Predict masks given image and prompt embeddings.

PARAMETER	DESCRIPTION
image_embeddings	the embeddings from the image encoder TYPE: `mindspore.Tensor`
image_positional_embedding	positional encoding with the shape of image_embeddings TYPE: `mindspore.Tensor`
sparse_prompt_embeddings	The embeddings of the points and boxes TYPE: `mindspore.Tensor`
dense_prompt_embeddings	the embeddings of the mask inputs TYPE: `mindspore.Tensor`
multimask_output	Whether to return multiple masks or a single mask. TYPE: bool
output_attentions	Whether or not to return the attentions tensors of all attention layers. TYPE: bool, *optional* DEFAULT: None

Source code in mindnlp\transformers\models\sam\modeling_sam.py

def forward(
    self,
    image_embeddings: mindspore.Tensor,
    image_positional_embeddings: mindspore.Tensor,
    sparse_prompt_embeddings: mindspore.Tensor,
    dense_prompt_embeddings: mindspore.Tensor,
    multimask_output: bool,
    output_attentions: Optional[bool] = None,
    attention_similarity: mindspore.Tensor = None,
    target_embedding: mindspore.Tensor = None,
) -> Tuple[mindspore.Tensor, mindspore.Tensor]:
    """
    Predict masks given image and prompt embeddings.

    Args:
        image_embeddings (`mindspore.Tensor`):
            the embeddings from the image encoder
        image_positional_embedding (`mindspore.Tensor`):
            positional encoding with the shape of image_embeddings
        sparse_prompt_embeddings (`mindspore.Tensor`):
            The embeddings of the points and boxes
        dense_prompt_embeddings (`mindspore.Tensor`):
            the embeddings of the mask inputs
        multimask_output (bool):
            Whether to return multiple masks or a single mask.
        output_attentions (bool, *optional*):
            Whether or not to return the attentions tensors of all attention layers.
    """
    batch_size, num_channels, height, width = image_embeddings.shape
    point_batch_size = sparse_prompt_embeddings.shape[1]
    # Concatenate output tokens
    output_tokens = ops.cat([self.iou_token.weight, self.mask_tokens.weight], dim=0)
    output_tokens = output_tokens.tile((batch_size, point_batch_size, 1, 1))

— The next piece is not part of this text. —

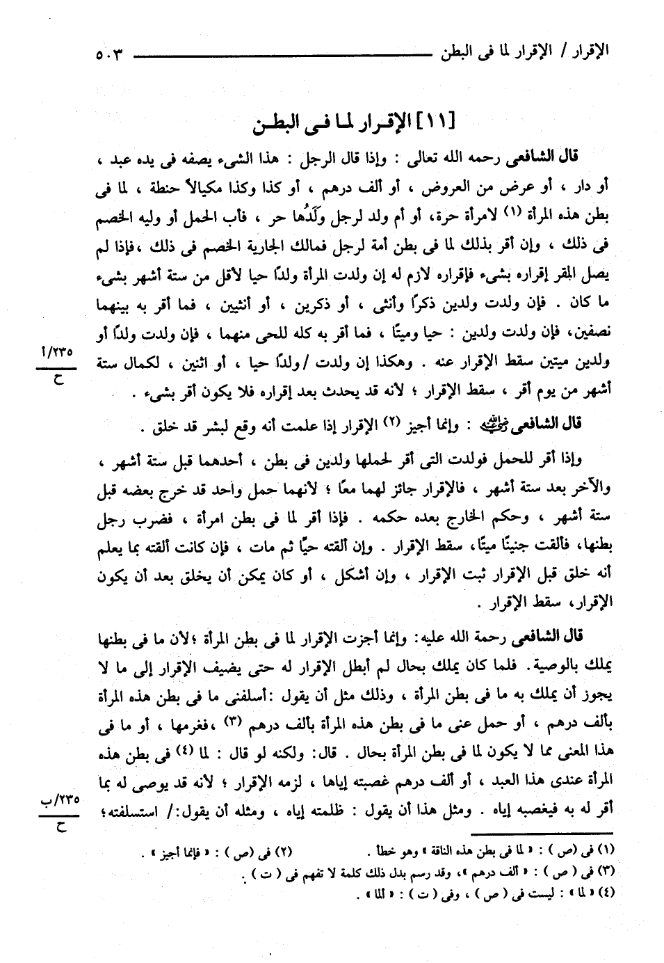 قَالَ الشَّافِعِيُّ : رحمه الله تعالى : وَإِذَا قَالَ الرَّجُلُ هَذَا الشَّيْءُ يَصِفُهُ فِي يَدِهِ عَبْدٌ أَوْ دَارٌ أَوْ عَرْضٌ مِنْ الْعُرُوضِ أَوْ أَلْفُ دِرْهَمٍ أَوْ كَذَا وَكَذَا مِكْيَالاً حِنْطَةً لِمَا فِي بَطْنِ هَذِهِ الْمَرْأَةِ لِامْرَأَةٍ حُرَّةٍ أَوْ أُمِّ وَلَدٍ لِرَجُلٍ وَلَدُهَا حُرٌّ فَأَبُو الْحَمْلِ أَوْ وَلِيُّهُ الْخَصْمُ فِي ذَلِكَ ; وَإِنْ أَقَرَّ بِذَلِكَ لِمَا فِي بَطْنِ أَمَةٍ لِرَجُلٍ فَمَالِكُ الْجَارِيَةِ الْخَصْمُ فِي ذَلِكَ . فَإِذَا لَمْ يَصِلْ الْمُقِرُّ إقْرَارَهُ بِشَيْءٍ فَإِقْرَارُهُ لاَزِمٌ لَهُ إنْ وَلَدَتْ الْمَرْأَةُ وَلَدًا حَيًّا لِأَقَلَّ مِنْ سِتَّةِ أَشْهُرٍ بِشَيْءٍ مَا كَانَ , فَإِنْ وَلَدَتْ وَلَدَيْنِ ذَكَرًا وَأُنْثَى أَوْ ذَكَرَيْنِ أَوْ أُنْثَيَيْنِ فَمَا أَقَرَّ بِهِ بَيْنَهُمَا نِصْفَيْنِ , فَإِنْ وَلَدَتْ وَلَدَيْنِ حَيًّا وَمَيِّتًا أَقَرَّ بِهِ كُلِّهِ لِلْحَيِّ مِنْهُمَا فَإِنْ وَلَدَتْ وَلَدًا أَوْ وَلَدَيْنِ مَيِّتَيْنِ سَقَطَ الْإِقْرَارُ عَنْهُ . وَهَكَذَا إنْ وَلَدَتْ وَلَدًا حَيًّا أَوْ اثْنَيْنِ لِكَمَالِ سِتَّةِ أَشْهُرٍ مِنْ يَوْمِ أَقَرَّ سَقَطَ الْإِقْرَارُ ; لِأَنَّهُ قَدْ يَحْدُثُ بَعْدَ إقْرَارِهِ فَلاَ يَكُونُ أَقَرَّ بِشَيْءٍ
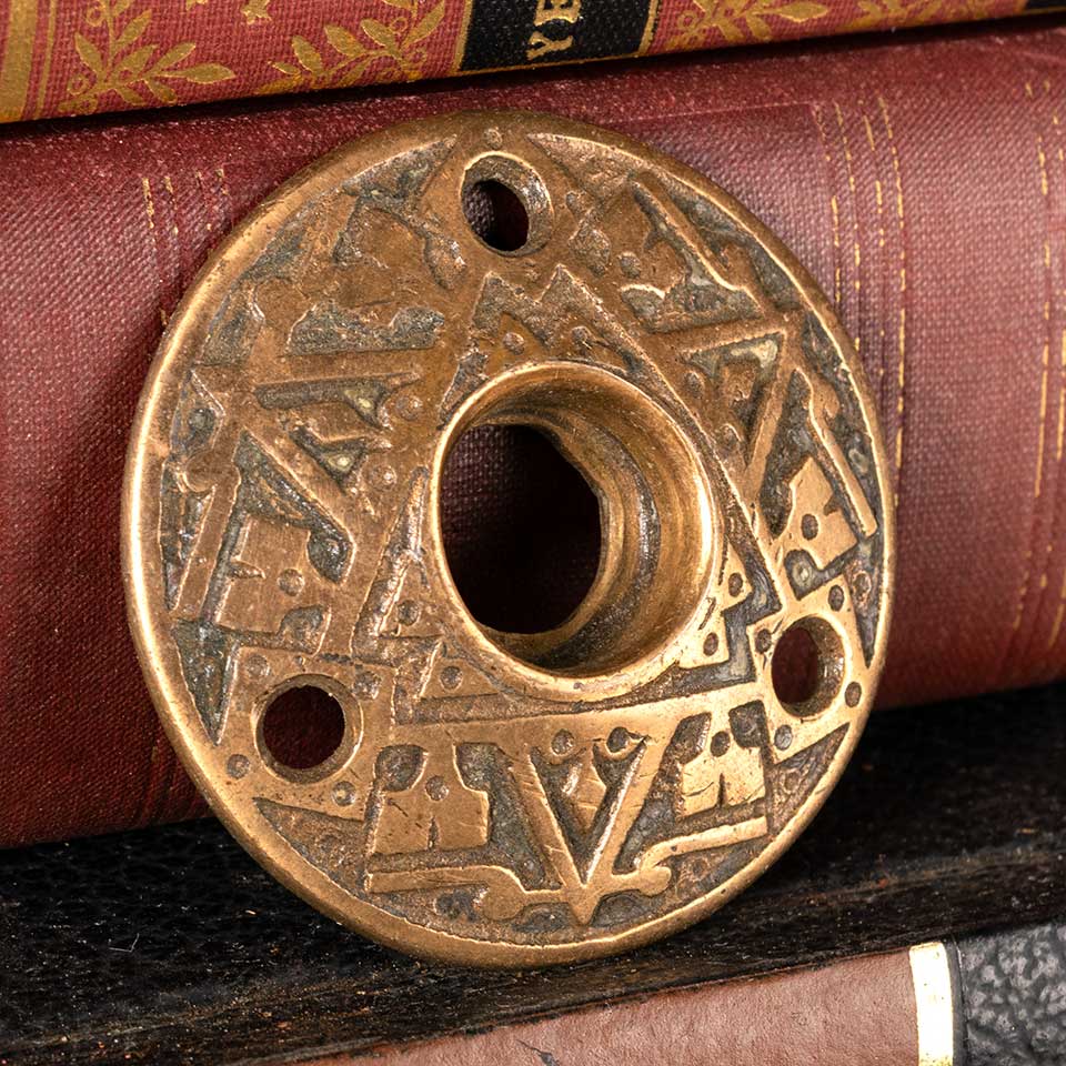 Architectural salvage antique ornate bronze doorknob rosette door hardware measuring approx. 2 1/8" in diameter with a 3/4" diameter collar. See photos to evaluate condition.

    if sparse_prompt_embeddings.sum().item() != 0:
        tokens = ops.cat((output_tokens, sparse_prompt_embeddings), dim=2)
    else:
        tokens = output_tokens
    point_embeddings = tokens.to(self.iou_token.weight.dtype)

    # Expand per-image data in batch direction to be per-point
    image_embeddings = image_embeddings + dense_prompt_embeddings
    image_embeddings = ops.repeat_interleave(image_embeddings, point_batch_size, 0)
    image_positional_embeddings = ops.repeat_interleave(image_positional_embeddings, point_batch_size, 0)

    # Run the transformer, image_positional_embedding are consumed
    point_embedding, image_embeddings, attentions = self.transformer(
        point_embeddings=point_embeddings,
        image_embeddings=image_embeddings,
        image_positional_embeddings=image_positional_embeddings,
        attention_similarity=attention_similarity,
        target_embedding=target_embedding,
        output_attentions=output_attentions,
    )
    iou_token_out = point_embedding[:, :, 0, :]
    mask_tokens_out = point_embedding[:, :, 1 : (1 + self.num_mask_tokens), :]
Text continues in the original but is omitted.